🤖 AI Summary
Traditional open-ended textual queries struggle to precisely extract structured metadata and semantic elements, leading to suboptimal relevance in e-commerce search. To address this, we propose Query Attribute Modeling (QAM), a framework that automatically decomposes free-text queries into executable metadata filtering conditions and dense semantic representations. QAM integrates semantic search, BM25 retrieval, cross-encoder re-ranking, and reciprocal rank fusion (RRF) into a hybrid retrieval pipeline. By jointly optimizing structured constraints and semantic understanding, it overcomes the limitations of both pure keyword matching and end-to-end semantic models. Experiments on the Amazon Toys Reviews dataset demonstrate that QAM achieves 52.99% mAP@5—significantly outperforming BM25, standalone semantic search, and existing hybrid baselines. These results validate QAM’s effectiveness and practicality for real-world e-commerce search applications.
📝 Abstract
This study introduces Query Attribute Modeling (QAM), a hybrid framework that enhances search precision and relevance by decomposing open text queries into structured metadata tags and semantic elements. QAM addresses traditional search limitations by automatically extracting metadata filters from free-form text queries, reducing noise and enabling focused retrieval of relevant items.

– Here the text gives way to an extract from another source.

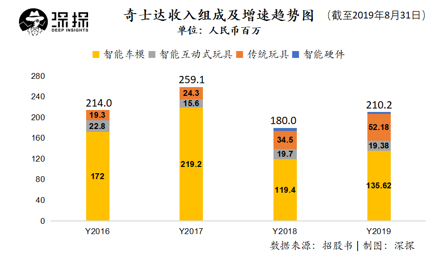 按照招股书数据,2016年至2019年8月21日,智能车模作为主营产品在收益中分别为1.72亿元、2.19亿元、2.18亿元、1.36亿元,分别占80.4%、 84.6%、78.3%、64.5%。智能互动式玩具分别收入2275.3万元、1555.5万元、1965.9万元、1938.1万元,占比分别为10.6%、 6.0%、7.0%、 9.2%。

Experimental evaluation using the Amazon Toys Reviews dataset (10,000 unique items with 40,000+ reviews and detailed product attributes) demonstrated QAM's superior performance, achieving a mean average precision at 5 (mAP@5) of 52.99%. This represents significant improvement over conventional methods, including BM25 keyword search, encoder-based semantic similarity search, cross-encoder re-ranking, and hybrid search combining BM25 and semantic results via Reciprocal Rank Fusion (RRF). The results establish QAM as a robust solution for Enterprise Search applications, particularly in e-commerce systems.